McCarthy called out Democrats like January 6 committee chair Rep. Bennie Thompson (D-Mississippi) and House Speaker Nancy Pelosi (D-California), claiming that the committee’s request was an attempt to “strong-arm” communications companies.
He also dubiously claimed that it would be illegal for the companies to comply with the government request, leaving them with a threat. “[A] Republican majority will not forget and will stand with Americans to hold them fully accountable under the law,” he wrote. His office has failed to produce a specific law that the companies’ compliance would violate.
Legal experts disagree with McCarthy’s claim. CNN legal analyst Norm Eisen said Wednesday that “no, there is no law” that the telecommunications companies would be breaking. In fact, Eisen said, it would be illegal if the telecommunications companies destroyed the records or refused to turn them over, as McCarthy suggested they do.
“This is absolutely unjustified by [the] law and it raises serious questions under the House ethics rules,” Eisen said. “It meets the elements of obstruction. It’s a threat. It’s an attempt to stop them, through that threat, from turning over documents. It’s self-motivated, it’s corrupt. McCarthy is worried about what may be in those records on him.”
Democrats are also alarmed about McCarthy’s threat. “I see it as clear obstruction of justice,” Rep. Eric Swalwell (D-California) told The Washington Post. Swalwell said that officials should consider referring McCarthy’s threat to the Department of Justice. “He’s telling the telecommunications companies to not honor a lawful subpoena, or there could be some penalty down the line,” Swalwell continued.
While it is known that McCarthy had a call with President Donald Trump on January 6, there is little information on the content of that call. And though nearly eight months have passed since the attack, McCarthy has remained guarded about what he discussed with Trump that day.
The records, which the committee began seeking last week, may shine a light on his fellow Republicans lawmakers too. Rep. Jim Jordan (R-Ohio) also had a phone call with Trump that day; other lawmakers like Representatives Mo Brooks (R-Alabama) and Lauren Boebert (R-Colorado) have been accused of collaborating with members of the far right in planning the attack.
A spokesperson for the committee said that the group is not fazed by McCarthy’s threat. “The Select Committee is investigating the violent attack on the Capitol and attempt to overturn the results of last year’s election,” the spokesperson said in a statement, per Politico. “We’ve asked companies not to destroy records that may help answer questions for the American people. The committee’s efforts won’t be deterred by those who want to whitewash or cover up the events of January 6th, or obstruct our investigation.”

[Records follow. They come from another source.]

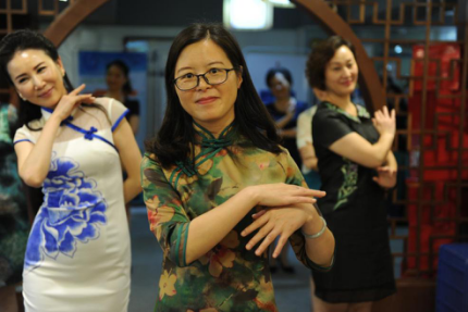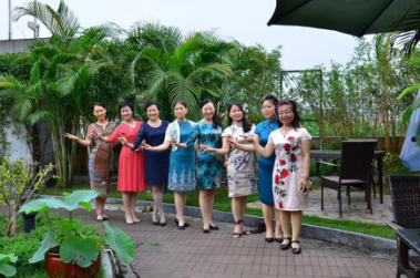 活動又以旗袍為依托,在展現女子的婉約優雅中,弘揚中國傳統美學。旗袍是中國女性著裝文化的典型標志,作為中華民族的代表服裝,凝結了整個民族幾千年的服裝文化之精華,學員從旗袍的歷史、分類和配搭開始,全面了解旗袍的前世今生。隨著學習的深入,大家對旗袍這項國粹有了更加全面的認識,加深了對旗袍的喜愛。課堂上,大家跟隨老師學習了旗袍禮儀與形體,雖然課程時間不長,但在充分的交流中,大家領略了剪裁之美和藝術之美。最后,經過簡短而細心的培訓,師生通力合作,課堂中上演了一場精彩的旗袍走秀和形體舞蹈表演,在老師的帶領下,伴著優美的音樂,踏著輕盈的節拍,學員們款款走來,盡顯中華傳統女性之雅。
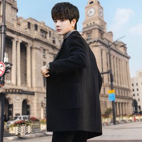 2021冬季新款男士毛呢大衣韩版休闲中长款外套修身...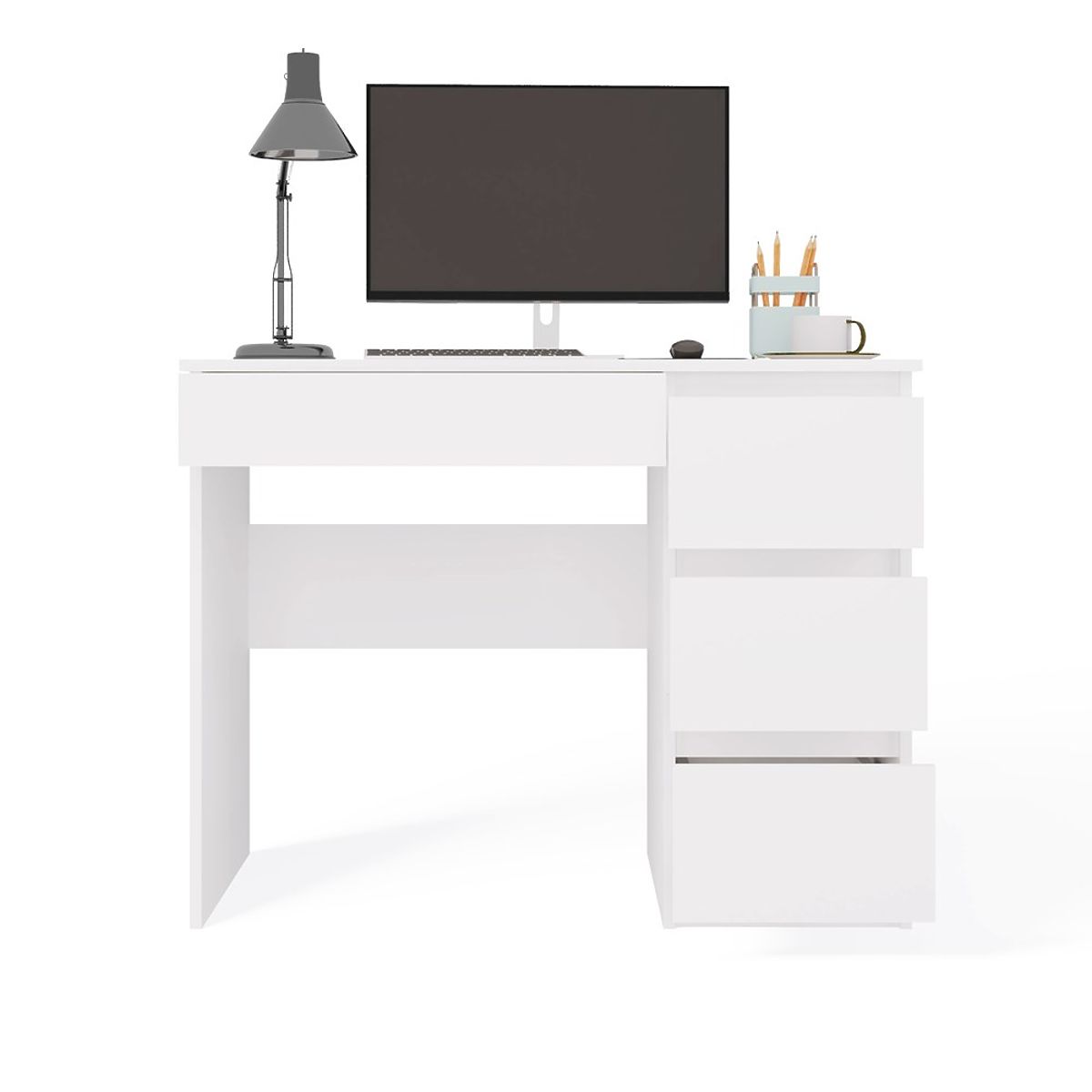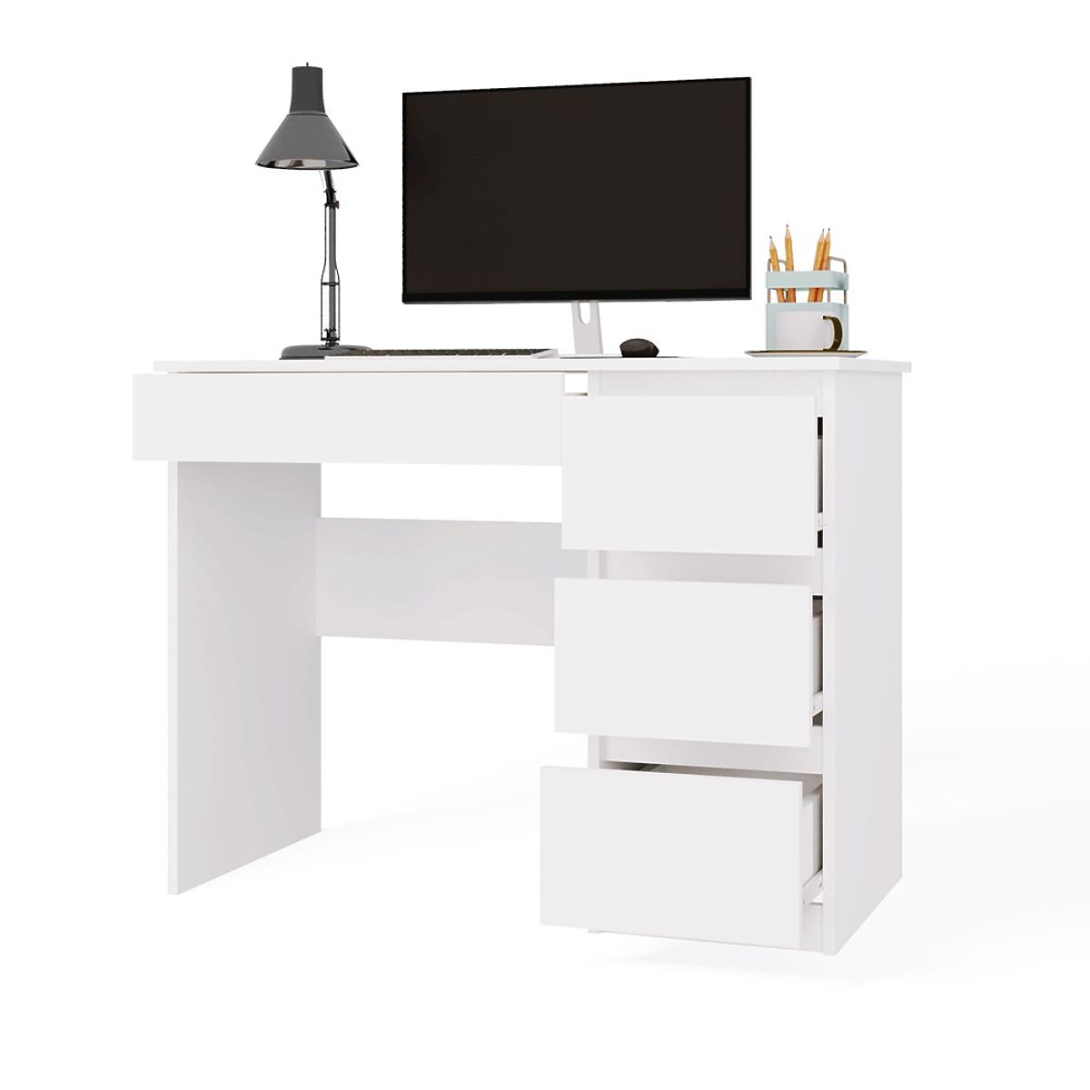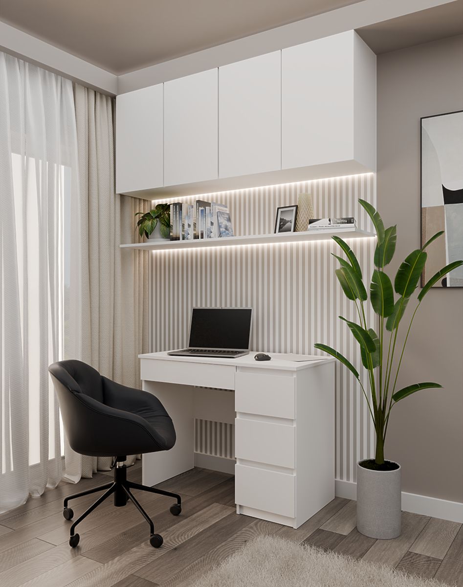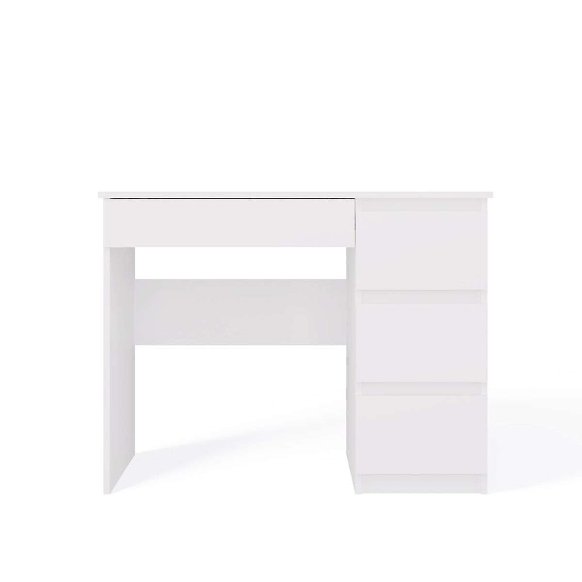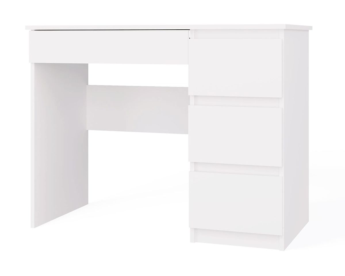 COLOR: WHITE The desk model "MIJAS" is perfect for both home rooms and offices. ideal place for a laptop drawer fronts without handles 3 spacious high drawers on the left and one low one on the right under the table top functionality simple and modern design creates a comfortable workspace smooth sides without covers easy assembly assembly instructions in the package Czech manufacturer (if you want, I can add a "Polish producer" - write what you prefer) MATERIAL: Body and fronts - laminated chipboard 16 mm.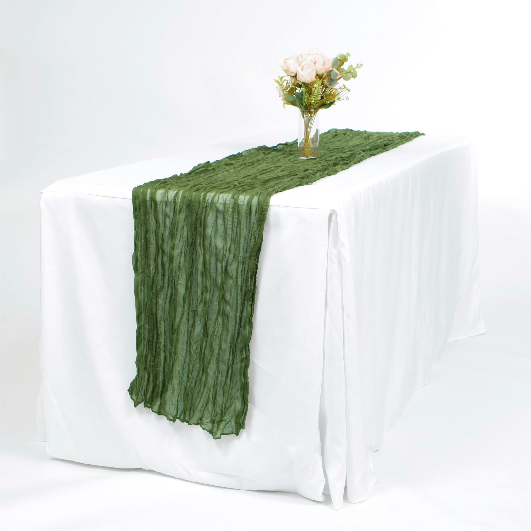 Introducing the enchanting Olive Cheesecloth Table Runner – a stunning addition to your event decor that effortlessly infuses Boho elegance into any setting. Also known as a gauze table runner, this exquisite piece captures the heart of your celebration with its natural crinkled texture and relaxed rustic charm.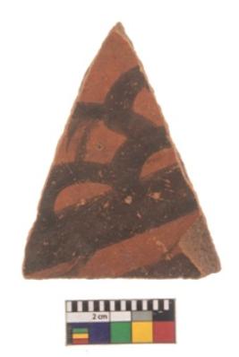| Description / विवरण | Specimen of potsherd with black decorative geometric painting. |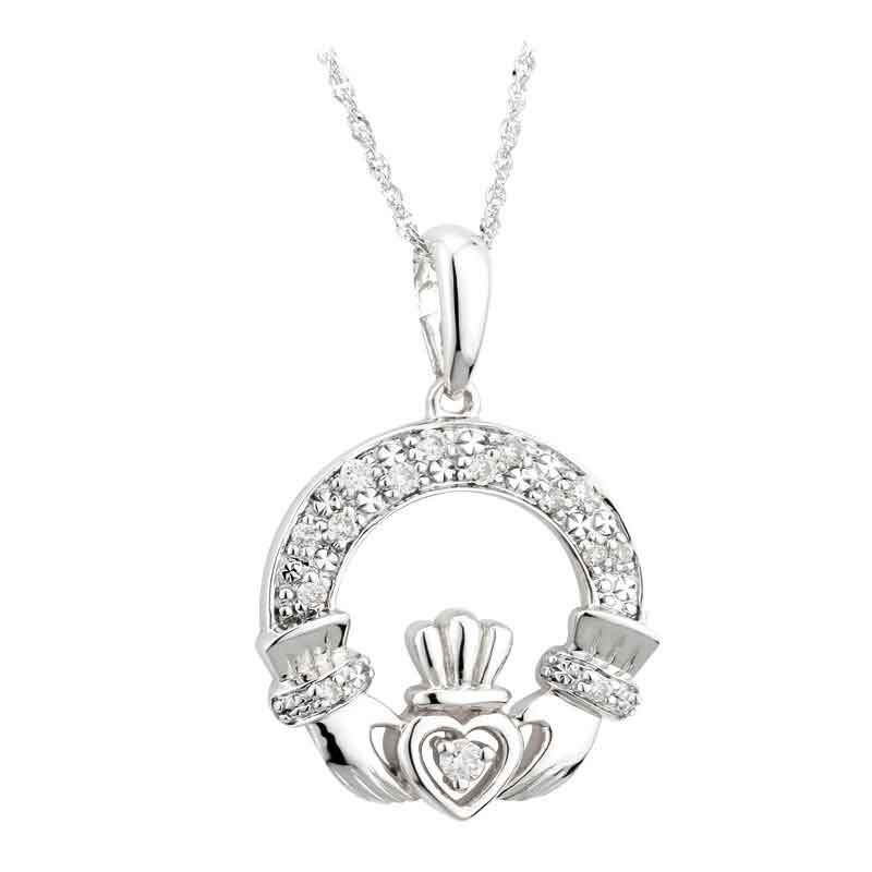 This elegant Claddagh Pendant in brilliant 14k white gold sparkles with diamonds which highlight the key features of this iconic Irish necklace. The crown reprsents loyalty, the hands friendship and the heart naturally symbolizes love. Hidden four leaf clovers in amongst the diamonds will add the luck of the Irish to this amazing piece of Irish Jewelry.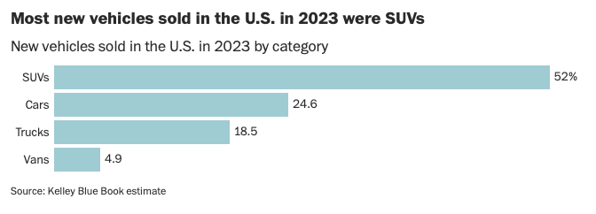 In response, automakers shifted production from sedans to SUVs, which tend to be more profitable and less fuel efficient, according to Mark Schirmer, a spokesperson for Cox Automotive, an auto industry research firm.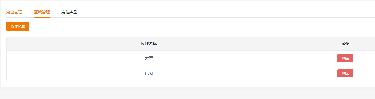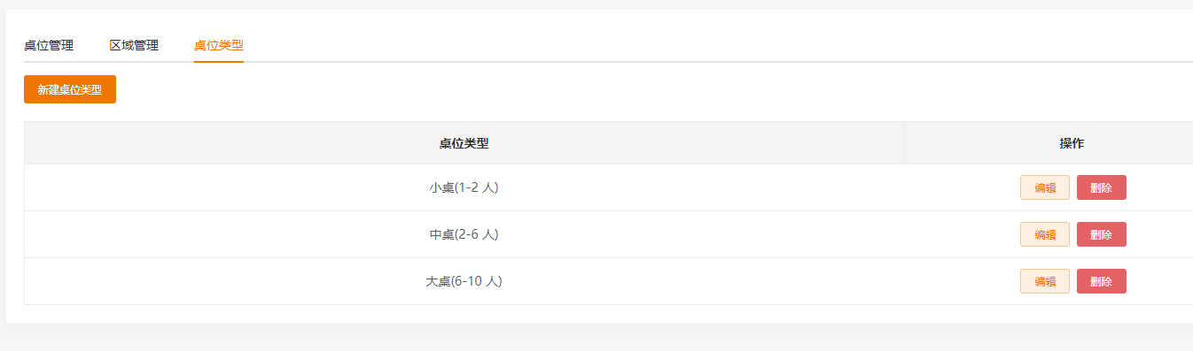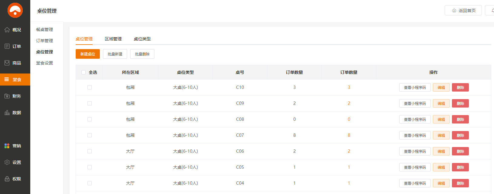 路径:商户后台->堂食->桌位设置 商户可在后台管理桌位,包括新增就餐区域、桌位;管理桌位状态,进行开台、清台等操作,实时查看桌位情况 # 桌位管理 新建桌位需要先创建就餐区域和桌位类型    # 餐桌管理 已添加的桌位可在商户后台查看和修改状态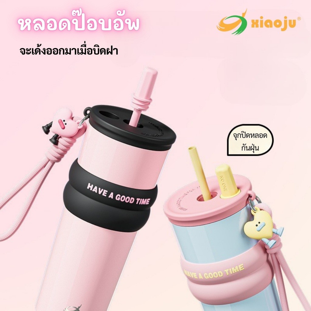 XIAOJU แก้วซับเซรามิกพร้อมเชือกหิ้ว 710ml หลอดป๊อบอัพเด้งเมื่อบิดฝา ซับในอีกชั้นด้วยสแตนเลส 316 เก็บอุณหภูมิร้อน&เย็น
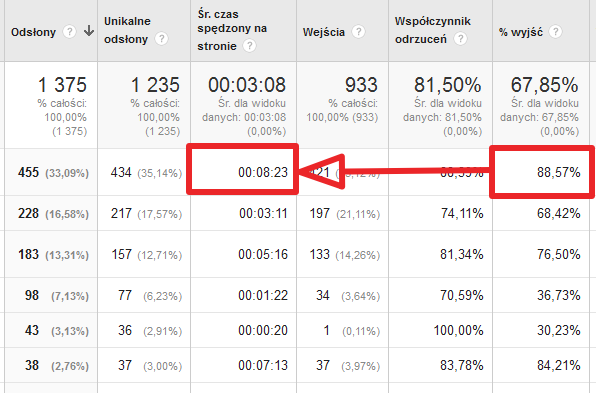 - słaba treść - słabej jakości content nie zatrzymuje czytelników, a więc może być przyczyną wysokiej wartości współczynnika wyjść; jednakże w tym przypadku wartość współczynnika wyjść należałoby analizować w powiązaniu z czasem spędzonym na stronie; jeśli współczynnik wyjść ma wysoką wartość, ale jednocześnie czas spędzony na stronie jest wysoki, to można przypuszczać, że przyczyną opuszczenia nie jest słaby content - czytelnikowi udało się znaleźć zawartość, dzięki której znalazł rozwiązanie swojego problemu, więc nie musiał szukać dalej.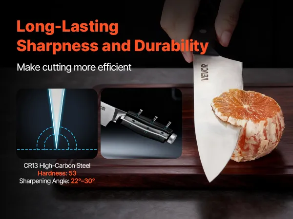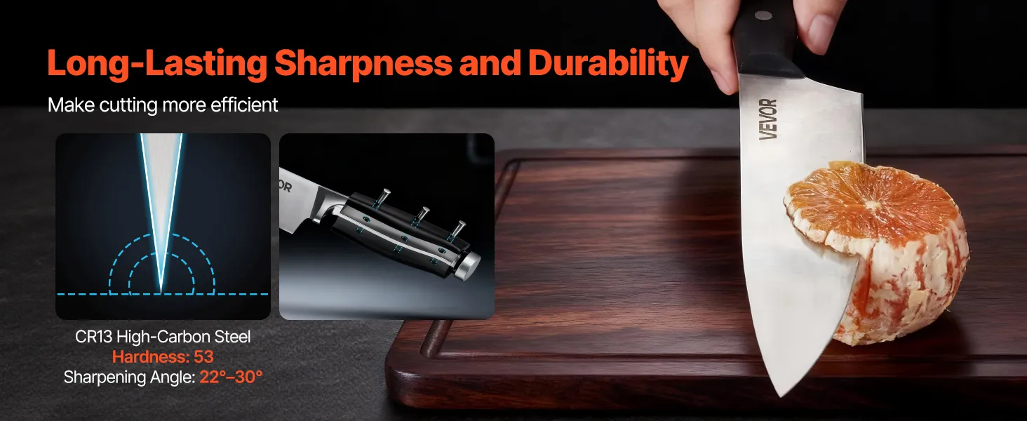 Durevole e antiruggine: set di coltelli, realizzato in acciaio inossidabile 3CR13 ad alto tenore di carbonio, è caratterizzato da elevata durezza. Il trattamento di oliatura sottovuoto seguito da passivazione rende le lame resistenti alla ruggine

Republicans have spent the last several months downplaying the violent attempt — which resulted in the death of seven people — to get Congress to reinstate Trump against the will of the voters. The party’s motivations, meanwhile, have remained relatively clear: to obstruct the investigation by every means possible. Trump last week also tried to prevent communications logs related to January 6 from coming out after the committee requested documents from the White House.
Earlier this year, Republicans struck down a bill that would have created a bipartisan January 6 commission, even after Democrats had made several concessions to get them on board. Then, McCarthy attempted to sabotage the House committee, picking questionable figures like avid Trump supporter Rep. Jordan who was fully behind the attempt to overthrow the election results to investigate the attack.